本日限りの特別講演って触れ込みで、カジノの客の一部をそっちに回してます。お客様にはご満足頂いていますよ」
万事上手くいっている事を伝えると、頑固そうな老人は満足したようだ。
全くもってオーナーの腹の中は分からなかった。
本当にただの客なのだろうか?
ちょっとした好奇心が俺に無駄口を叩かせた。
「オーナー。一つ確認していいですか?」
「何だ?」
「あの《カポ・オルカ》って本物っすか?」
その質問の答えは返ってこなかった。
マズい沈黙の後に乾いた老人の声が返ってきた。それは答えではなく、ため息と質問だ。
「知ってどうするんだ、ニック坊?お前はもうちょっと賢いと思ってたんだがな…」
「し…失礼しました、オーナー…」
「まぁ、お前が言いたいことは分かる。
カポ・オルカの伝説は半世紀をゆうに超えるからな…あんな若造がって思うんだろう?」
老人の声を代弁する電子音は、その心情まで再現するように正確だ。
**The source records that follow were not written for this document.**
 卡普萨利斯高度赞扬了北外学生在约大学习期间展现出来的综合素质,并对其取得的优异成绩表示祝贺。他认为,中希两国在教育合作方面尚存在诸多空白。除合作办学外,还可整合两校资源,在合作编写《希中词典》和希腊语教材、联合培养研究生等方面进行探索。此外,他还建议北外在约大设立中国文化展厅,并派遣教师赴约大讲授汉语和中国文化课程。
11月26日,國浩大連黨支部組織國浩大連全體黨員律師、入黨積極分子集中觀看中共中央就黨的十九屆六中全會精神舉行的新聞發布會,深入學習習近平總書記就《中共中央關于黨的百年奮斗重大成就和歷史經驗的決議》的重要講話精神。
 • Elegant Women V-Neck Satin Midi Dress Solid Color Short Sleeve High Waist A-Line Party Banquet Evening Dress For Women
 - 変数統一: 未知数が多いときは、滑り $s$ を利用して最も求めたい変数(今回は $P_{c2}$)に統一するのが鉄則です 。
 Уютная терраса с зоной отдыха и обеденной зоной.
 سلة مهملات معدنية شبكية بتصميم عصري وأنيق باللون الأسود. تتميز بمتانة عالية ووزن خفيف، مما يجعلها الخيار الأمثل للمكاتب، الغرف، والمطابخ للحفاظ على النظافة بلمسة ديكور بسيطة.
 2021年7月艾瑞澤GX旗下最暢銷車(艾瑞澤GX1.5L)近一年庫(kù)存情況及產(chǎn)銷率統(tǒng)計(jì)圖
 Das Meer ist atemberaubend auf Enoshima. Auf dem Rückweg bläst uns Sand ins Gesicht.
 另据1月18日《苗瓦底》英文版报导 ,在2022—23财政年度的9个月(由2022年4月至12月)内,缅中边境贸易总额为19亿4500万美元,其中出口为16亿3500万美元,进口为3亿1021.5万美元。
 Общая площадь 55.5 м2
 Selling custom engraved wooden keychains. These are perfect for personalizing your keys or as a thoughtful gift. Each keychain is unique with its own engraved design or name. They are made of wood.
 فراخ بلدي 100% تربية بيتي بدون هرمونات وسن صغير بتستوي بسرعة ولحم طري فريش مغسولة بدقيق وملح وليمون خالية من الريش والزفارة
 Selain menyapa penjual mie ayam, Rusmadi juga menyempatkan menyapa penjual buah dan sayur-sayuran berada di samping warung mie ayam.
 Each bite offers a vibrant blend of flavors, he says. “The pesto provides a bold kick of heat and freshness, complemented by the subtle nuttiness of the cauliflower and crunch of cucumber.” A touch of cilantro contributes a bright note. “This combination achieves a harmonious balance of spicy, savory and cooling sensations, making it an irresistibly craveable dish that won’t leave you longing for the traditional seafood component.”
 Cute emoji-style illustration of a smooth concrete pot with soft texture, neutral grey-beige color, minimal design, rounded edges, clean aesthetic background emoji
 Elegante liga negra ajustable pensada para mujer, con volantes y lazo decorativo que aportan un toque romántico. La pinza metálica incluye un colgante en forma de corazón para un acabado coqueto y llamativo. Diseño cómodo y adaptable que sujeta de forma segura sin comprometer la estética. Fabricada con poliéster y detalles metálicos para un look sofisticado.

その声は強がるような響きがあった。
「お前もウチに長く務める気なら覚えときな…
この世の中にはな、本物の怪物が存在するんだぜ。だから弱い人間には神様が必要なんだ」
「…オーナー?」
「いいか、小僧。親父からの警告だ。
目を瞑って神様にお祈りしな…テメェは何も見なかった…神様がお前のアリバイを証明して、悪魔もお前を見逃すだろうよ」
オーナーらしくない、気色悪い警告は不気味な響きがあった。
何がなんだかわからんが、かかわらないほうが良さそうだ…
「分かりました、オーナー。お祈りの時間なら仕方ないっすね」
「いい子だな、小僧…後で小遣いくれてやる」
電話越しのオーナーの声は少し柔らかくなっていた。
オーナーは最後に一つ指示を付け加えた。
「お前は器用なガキだ。上手くやれ」
それは酷く分かりにくい指示だ。
とりあえず、お祈りをするのに気が散るモニターを一つ消した。